A core is the CPU itself. When we refer to this core or that core, we mean which revision of the core of the current line of processors.
Intel's line of processors is Pentium4, which includes the following revisions:
Williamette: 180nm, 20 stage pipeline, 8KB L1, 256KB L2
Northwood: 130nm, 20 stage pipeline, 8KB L1, 512KB L2
Prescott: 90nm, 31 stage pipeline, 16KB L1, 1MB L2
When I use L1 or L2, I talking about cache levels 1 and 2. Level 1 cache is always smaller than level 2 because it needs to be much quicker. The bigger the cache the slower it becomes.
AMDs 3 lines of available processors are: Athlon XP, Athlon64, Sempron
Athlon XP:
-Palomino: 180nm, 256KB L2
-Thoroughbred: 130nm, 256KB L2
-Barton: 130nm, 512KB L2
-Sempron: 130nm, 256KB L2
Athlon64:
-ClawHammer: 130nm, 1MB L2, 64-bit support
-Newcastle: 130nm, 512KB L2, 64-bit support
-Sempron: 130nm, 256KB L2, no 64-bit support
Sempron is marketed as it's own processor line, but are based off of the other two, for this reason, I just noted it as a new core instead.
The FSB is just the pathway from the CPU to the Memory Controller. Increasing the FSB increases how fast the CPU commnunicates with the RAM. But if you increase just the FSB and not the RAM, then you are not gaining any performance. You must increase both. Athlon64 processors have the Memory Controller built into the CPU unlike other processor and therefore the FSB is the speed of the CPU itself.
AMDs rating system is there to fight against Intel's high clockspeeds.
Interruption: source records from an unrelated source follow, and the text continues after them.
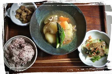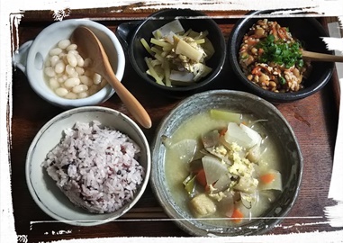夜)けんちん汁/納豆こうじ/手亡豆煮/フキとタケノコと油揚げの煮物 ※手亡豆は、一晩起きて、味がしみ込んで、美味しくなりました。 この甘さに癒されて一日が終わる幸せ・・・(^^)v ※納豆こうじの上野万能ねぎは、ベランダ菜園のものです。 あっという間に成長して、食卓を楽しませてくれます。 ※またまた、フキの煮物・・・ 毎食食べても飽きません(笑) ※今日は、ちょっぴり寒かったので、けんちん汁を作りました。 お味噌は、昨年2月に仕込んだもの。 そろそろなくなります。 今年は、コロナウィルスの関係で、少々、送れて4月の中旬に仕込みました。 出来上がりが楽しみですヽ(^。^)ノ |
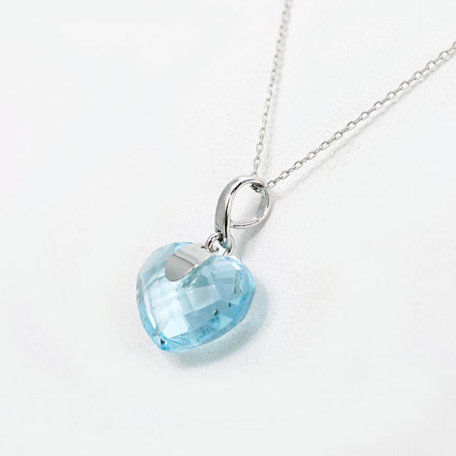すっきり鮮やかなブルートパーズのペンダント。 ハートの上にのったプレートがアクセントです。 チェーンは40センチ。 ハートの大きさ 縦×横=10×13ミリ カットのきれいなストーンです。 品質保証書付き K18 参考小売価格 ¥38000
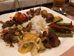 A rijsttafel is designed for two or more diners and includes a large bowl of white rice and multiple additional dishes, all with unique flavors. I counted about 5 or 6 meat dishes (beef, chicken and pork), 4 or 5 vegetable dishes, a plate of puffed rice ‘crackers’, three hardboiled eggs in a tomato sauce and three ‘dumplings’ of some sort.

Clockspeeds aren't everything, but consumers think so. That's why Intel made the Pentium4 the way they did. These performance ratings are AMD's hopes of people seeing those numbers instead and think it's the clockspeed.
The press that's used to create the CPU is called a .xx micron press. Above I showed .15microns or .15um or .15micrometers or 150nm or 150nanometers. A nanometer is 1000 times smaller than a micrometer. We started to use 90.nm instead of .09um recently. This measurement, from what I know, is the size of one transistor.